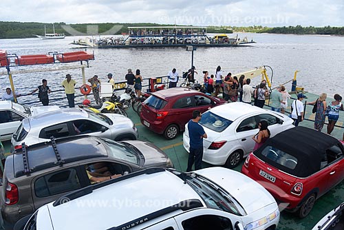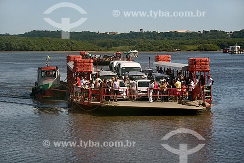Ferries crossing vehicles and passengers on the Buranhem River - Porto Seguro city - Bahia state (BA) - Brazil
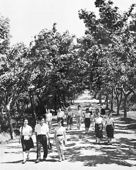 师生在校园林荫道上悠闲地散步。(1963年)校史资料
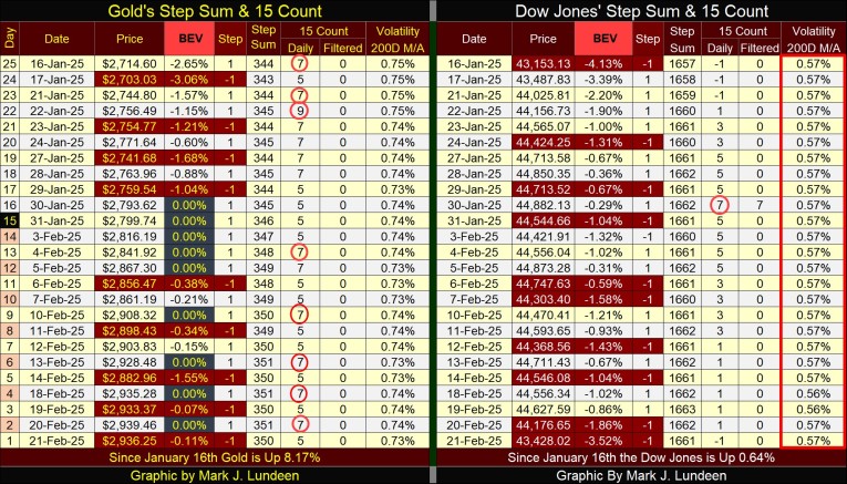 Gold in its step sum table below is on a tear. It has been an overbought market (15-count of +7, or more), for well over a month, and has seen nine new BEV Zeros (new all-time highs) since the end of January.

...

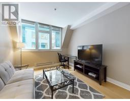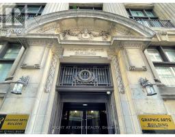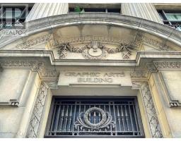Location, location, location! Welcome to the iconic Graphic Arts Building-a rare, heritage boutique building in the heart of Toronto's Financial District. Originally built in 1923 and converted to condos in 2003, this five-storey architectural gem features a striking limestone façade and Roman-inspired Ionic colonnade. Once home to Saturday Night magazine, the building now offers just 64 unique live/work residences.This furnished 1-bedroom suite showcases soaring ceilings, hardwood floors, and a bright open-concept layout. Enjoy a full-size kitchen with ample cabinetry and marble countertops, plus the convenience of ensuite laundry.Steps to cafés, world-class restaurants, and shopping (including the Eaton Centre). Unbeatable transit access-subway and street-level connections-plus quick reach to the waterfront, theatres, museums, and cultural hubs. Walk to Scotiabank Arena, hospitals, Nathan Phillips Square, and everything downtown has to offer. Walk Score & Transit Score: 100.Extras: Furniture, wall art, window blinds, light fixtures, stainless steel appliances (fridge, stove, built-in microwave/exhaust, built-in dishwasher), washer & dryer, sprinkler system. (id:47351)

PROBLEM: Could you write out exactly the lines of the data above that run from the one holding "师生在校园林荫道上悠闲地散步。(1963年)校史资料" to the one holding "Gold in its", with both ends in and all pictures out?

ANSWER SPACE:
 师生在校园林荫道上悠闲地散步。(1963年)校史资料
 Gold in its step sum table below is on a tear. It has been an overbought market (15-count of +7, or more), for well over a month, and has seen nine new BEV Zeros (new all-time highs) since the end of January.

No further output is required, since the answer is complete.